(Mario Berardi)

La classe politica di maggioranza e opposizione rischia di impantanarsi sui 209 miliardi concessi finalmente dall’Unione Europea.

Il premier Conte, cui va riconosciuto l’ottimo risultato ottenuto a Bruxelles, ha avocato a Palazzo Chigi la guida dell’intera operazione del Recovery fund, con un obiettivo “scavalco” del ruolo del Governo e del Parlamento. Matteo Renzi, sempre critico, ha colto l’occasione per sferrare un attacco frontale al presidente del Consiglio, minacciando la crisi con toni da “acerrimo nemico”; Grillini e Pd, dapprima freddi con Palazzo Chigi, hanno successivamente colto i rischi, anche internazionali, della dissociazione di Italia Viva, e hanno ribadito il sostegno a Conte e alla sua scelta di avviare una verifica complessiva dell’azione dell’Esecutivo.

Anche l’opposizione, con la sola eccezione della Meloni (sempre orientata sulla richiesta di nuove elezioni), ha dato segni di sbandamento. Salvini in pochi giorni ha cambiato tre posizioni: elezioni anticipate, “governissimo”, esecutivo del destra-centro con Renzi e i dissenzienti pentastellati; Berlusconi ha alternato le aperture ai giallo-rossi e la dura opposizione al fianco della Lega.
In realtà tutte le forze politiche sono interessate alla gestione del piano di ricostruzione: questo è legittimo ma l’intera operazione va gestita nella logica delle esigenze generali del Paese, senza spinte clientelari e con precise e motivate priorità.

Appare ad esempio eccessiva la proposta (di matrice grillina) di stanziare 45 miliardi per la digitalizzazione pubblica e privata, mentre alla Sanità vanno appena 9 miliardi e a Scuola e Formazione 19; inoltre appare essenziale il coinvolgimento delle forze sociali ed economiche, avendo il lavoro come obiettivo ineludibile di fronte alla crescita della disoccupazione per gli effetti della pandemia.
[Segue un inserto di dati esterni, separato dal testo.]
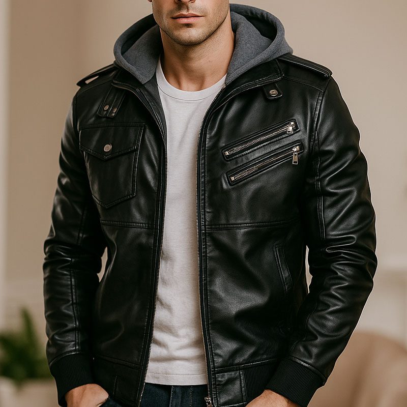 Men’s Black Leather Jacket with Removable Hood Zip-Up Biker Style, Casual Streetwear Outerwear with Multiple Pockets & Soft Lining
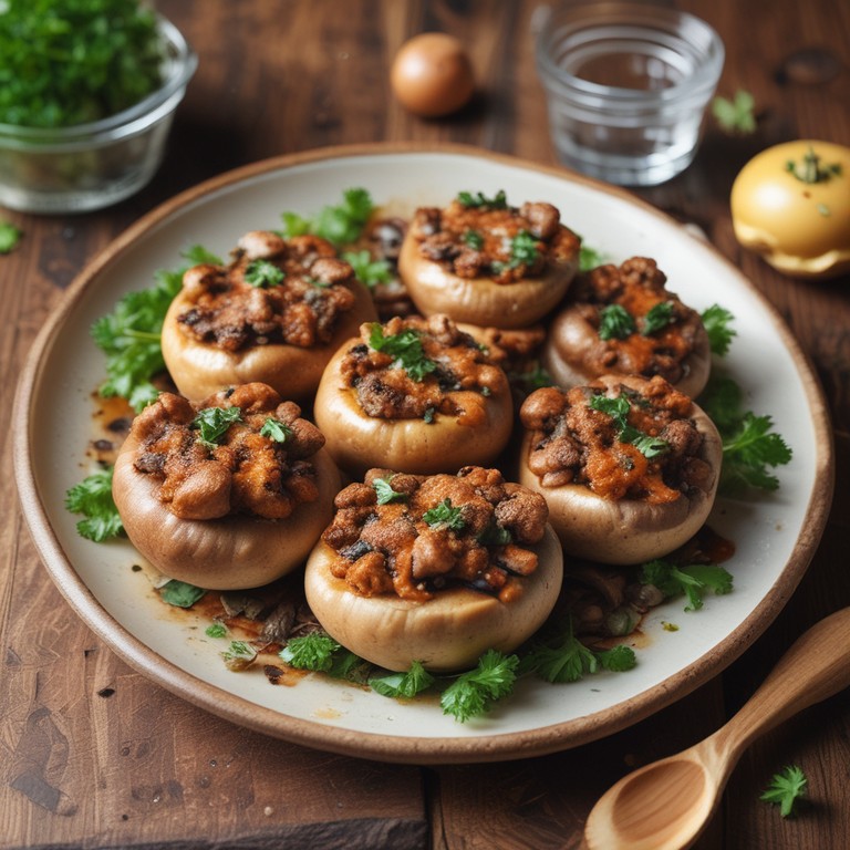 Deliciosos champiñones rellenos de carne molida, perfectos como aperitivo o plato principal, con un toque de queso derretido y especias.
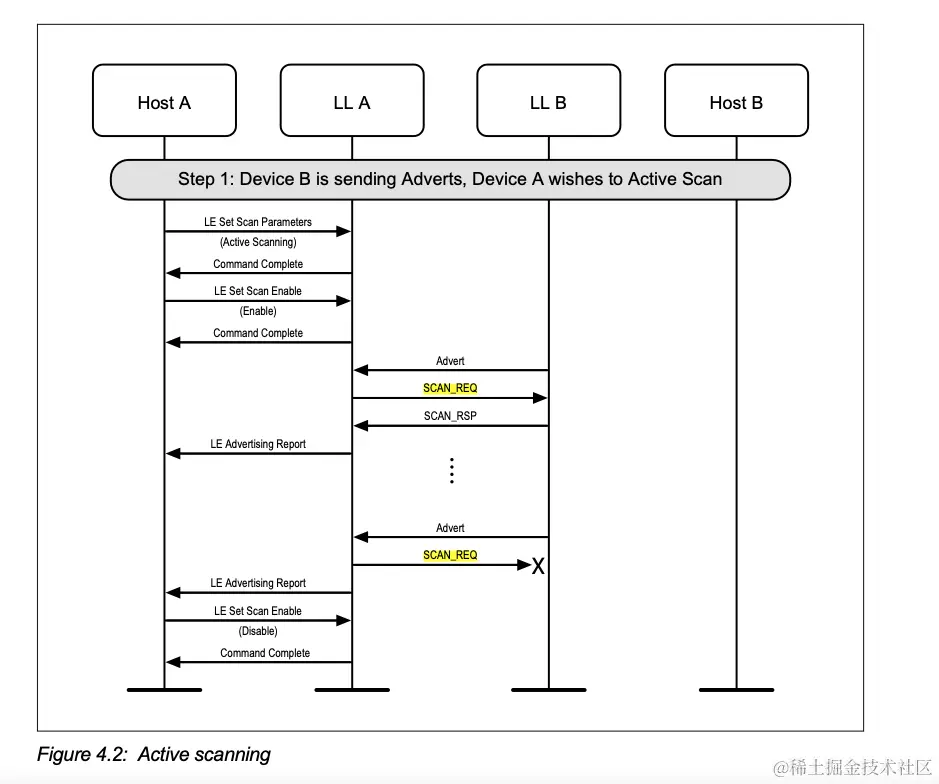 主动扫描和被动扫描使用的命令完全一样。但控制器要发送SCAN_REQ数据包给对端设备,以便获得扫描响应数据包,而这些数据包需要包含设备地址,所以,在使用LE Set Scan Parameter命令时需要配置一个额外参数,决定链路层的数据包使用固定地址抑或是随机地址。控制器收到了SCAN_RSP数据包将向主机发送一个LE Advertising Resport事件。
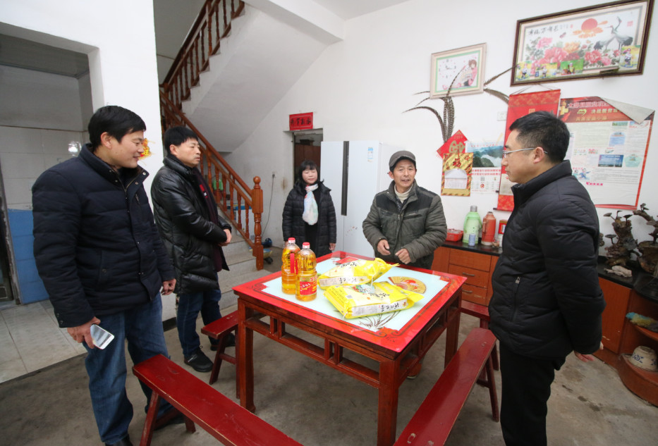 此次“送温暖”活动第一站来到了天华镇敬老院,看望敬老院的老人们,给他们送上慰问金和慰问品,并祝愿他们新春快乐、阖家幸福。随后,董事长李玉中一行来到公司的结对帮扶村——弥陀镇田家村,再次给田家村送来帮扶资金2万元,并给当地田家村小学捐赠了价值四万元的体育器材。随后在村里领导的陪同下分别走进五户生活困难的村民家中,送去集团公司的关爱、温暖和新春祝福。李玉中既是中腾集团公司董事长也是太湖县摄影家协会会长,他还带领摄影家协会会员们到界岭村与贫困户们座谈慰问,送上米、油慰问品及慰问金。
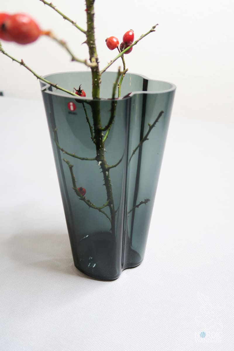 Für das Shooting wurden mir zwei Vasen leihweise zur Verfügung gestellt und es fiel mir nicht leicht diese wieder zurückzuschicken. Diese Vasen sind einfach der Inbegriff für skandinavisches Design. Alvar Aalto, wohl einer der bekanntesten nordischen Designer neben Arne Jacobsen, entwarf das Design der Vasen im Jahr 1936. 1937 wurde das Luxusrestaurant Savoy in Helsinki eröffnet und seither tragen die Vasen den namen Savoy-Vasen. Aktuell zählen zur Alvar Aalto Kollektion Schalen, Leuchtern und Vasen in unterschiedlichen Glasfarben.

Dalla “verifica” dovrebbe giungere una proposta aperta, da discutere senza i veti in Parlamento e nella società, nella consapevolezza che i miliardi europei sono un aiuto senza precedenti, superiore allo stesso Piano Marshall che determinò la ricostruzione dal dopoguerra.

I partiti devono essere consapevoli del loro essenziale ruolo costituzionale ma anche dei loro limiti, persino quello di rappresentanza elettorale. Renzi non può bloccare il Paese con il 3% dei consensi; Conte – M5S – Pd – Leu debbono ricordarsi che nel voto al Senato sul Mes la maggioranza non ha ottenuto l’autonomia (161 voti) per il dissenso dei grillini legati a Di Battista, nonostante l’aiuto dei centristi del Gruppo Misto, dei senatori dell’Autonomia e l’assenza di alcuni berlusconiani.
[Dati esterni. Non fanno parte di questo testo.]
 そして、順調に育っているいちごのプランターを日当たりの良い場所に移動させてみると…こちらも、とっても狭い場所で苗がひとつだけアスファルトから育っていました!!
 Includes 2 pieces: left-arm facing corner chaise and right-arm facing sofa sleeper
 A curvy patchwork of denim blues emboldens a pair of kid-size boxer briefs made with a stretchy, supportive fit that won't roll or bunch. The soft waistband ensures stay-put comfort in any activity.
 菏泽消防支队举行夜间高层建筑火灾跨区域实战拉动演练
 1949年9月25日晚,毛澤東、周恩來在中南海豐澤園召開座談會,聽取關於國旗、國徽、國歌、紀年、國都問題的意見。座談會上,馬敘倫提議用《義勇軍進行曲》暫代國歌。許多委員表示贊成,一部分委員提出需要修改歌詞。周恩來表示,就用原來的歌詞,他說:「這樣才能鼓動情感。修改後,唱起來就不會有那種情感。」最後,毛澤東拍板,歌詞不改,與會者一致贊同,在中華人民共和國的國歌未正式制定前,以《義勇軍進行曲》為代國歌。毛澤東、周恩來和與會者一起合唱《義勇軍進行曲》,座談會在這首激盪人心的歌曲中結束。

D’altra parte anche la proposta Salvini di una maggioranza con Renzi non avrebbe i voti per l’opposizione della Meloni e il rifiuto annunciato dalla Boschi, capogruppo di Italia Viva alla Camera. Il voto anticipato, impossibile in questi mesi di pandemia, potrebbe avvenire all’inizio dell’estate, prima del “semestre bianco” che scatta ad agosto. Ma il Paese potrebbe stare fermo per un intero semestre, con l’emergenza sanitaria e quella sociale? Reggerebbero le istituzioni democratiche a una crisi così grave?

Per questo è auspicabile un forte recupero del senso di responsabilità, usando questo tempo eccezionale per una riforma “giusta” del fisco, nella lotta alle diseguaglianze, varando una riforma elettorale proporzionale che tenga conto del pluralismo dei partiti (nessuno egemone), rafforzando la nostra presenza in Europa e in Occidente, dopo il tramonto del nazionalismo di Trump.
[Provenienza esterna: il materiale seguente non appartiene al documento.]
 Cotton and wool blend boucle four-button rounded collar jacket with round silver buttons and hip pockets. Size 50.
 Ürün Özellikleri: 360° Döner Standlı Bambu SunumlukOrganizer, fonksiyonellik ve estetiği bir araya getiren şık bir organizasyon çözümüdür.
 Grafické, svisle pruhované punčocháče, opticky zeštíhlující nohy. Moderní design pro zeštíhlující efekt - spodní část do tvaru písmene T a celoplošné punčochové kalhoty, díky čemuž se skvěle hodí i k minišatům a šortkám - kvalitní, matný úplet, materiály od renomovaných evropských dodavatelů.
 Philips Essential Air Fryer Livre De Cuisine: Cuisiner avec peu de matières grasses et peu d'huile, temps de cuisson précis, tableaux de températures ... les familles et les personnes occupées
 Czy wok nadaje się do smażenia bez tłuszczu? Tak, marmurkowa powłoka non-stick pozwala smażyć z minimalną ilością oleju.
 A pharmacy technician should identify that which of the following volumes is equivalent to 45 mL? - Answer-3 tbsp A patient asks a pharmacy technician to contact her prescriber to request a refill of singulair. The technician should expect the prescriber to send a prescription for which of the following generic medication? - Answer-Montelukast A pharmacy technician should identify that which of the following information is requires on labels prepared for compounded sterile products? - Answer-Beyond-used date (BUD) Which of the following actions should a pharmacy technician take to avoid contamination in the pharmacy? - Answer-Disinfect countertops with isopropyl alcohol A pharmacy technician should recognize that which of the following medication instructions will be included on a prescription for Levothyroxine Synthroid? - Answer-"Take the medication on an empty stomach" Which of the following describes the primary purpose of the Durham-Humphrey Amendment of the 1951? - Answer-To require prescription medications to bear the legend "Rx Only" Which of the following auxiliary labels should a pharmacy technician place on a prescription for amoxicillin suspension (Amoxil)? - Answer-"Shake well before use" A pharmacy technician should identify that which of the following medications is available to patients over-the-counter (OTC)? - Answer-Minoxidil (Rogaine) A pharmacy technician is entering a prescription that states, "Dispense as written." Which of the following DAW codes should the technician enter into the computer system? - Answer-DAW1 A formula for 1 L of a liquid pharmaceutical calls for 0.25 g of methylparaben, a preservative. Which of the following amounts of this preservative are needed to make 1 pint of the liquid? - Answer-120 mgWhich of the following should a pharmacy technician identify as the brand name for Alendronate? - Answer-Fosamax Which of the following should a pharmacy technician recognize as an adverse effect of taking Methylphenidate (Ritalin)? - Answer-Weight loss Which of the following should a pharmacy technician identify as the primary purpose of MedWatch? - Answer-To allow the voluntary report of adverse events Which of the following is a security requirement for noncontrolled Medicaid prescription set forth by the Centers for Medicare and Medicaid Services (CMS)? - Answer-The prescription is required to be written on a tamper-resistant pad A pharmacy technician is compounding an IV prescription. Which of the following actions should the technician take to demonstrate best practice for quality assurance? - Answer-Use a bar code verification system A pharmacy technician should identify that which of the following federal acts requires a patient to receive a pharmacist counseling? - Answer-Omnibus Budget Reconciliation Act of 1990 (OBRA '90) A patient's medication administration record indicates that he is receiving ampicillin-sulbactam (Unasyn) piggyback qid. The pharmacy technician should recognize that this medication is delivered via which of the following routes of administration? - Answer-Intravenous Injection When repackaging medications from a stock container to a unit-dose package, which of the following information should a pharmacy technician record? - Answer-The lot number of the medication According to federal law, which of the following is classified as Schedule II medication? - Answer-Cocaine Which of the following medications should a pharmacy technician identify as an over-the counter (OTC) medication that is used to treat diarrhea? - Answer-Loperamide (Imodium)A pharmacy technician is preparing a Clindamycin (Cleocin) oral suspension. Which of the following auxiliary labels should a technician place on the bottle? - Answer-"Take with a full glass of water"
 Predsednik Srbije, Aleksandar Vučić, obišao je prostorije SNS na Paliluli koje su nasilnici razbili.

Il presidente del Parlamento europeo, David Sassoli, ha dichiarato che a Bruxelles fa paura l’idea di una crisi politica in Italia, mentre è ancora aperto il conflitto con la Gran Bretagna di Johnson. Sarebbe un problema anche una soluzione provvisoria, alla giornata, perché il Paese esige una guida salda e duratura.

L’opinione pubblica dà segnali aperti di insoddisfazione; un sondaggio de La7 sui protagonisti della vicenda sanitaria segna una svolta in negativo, con un solo salvato (il presidente del Veneto Zaia) e un’insufficienza dal Governo ai Governatori regionali. È quindi auspicabile che dalla verifica emerga un cambiamento in positivo, con la priorità alle cose da fare e un minor spazio alle lotte di palazzo. È in gioco la credibilità dell’intera classe politica e il futuro democratico del sistema-Paese.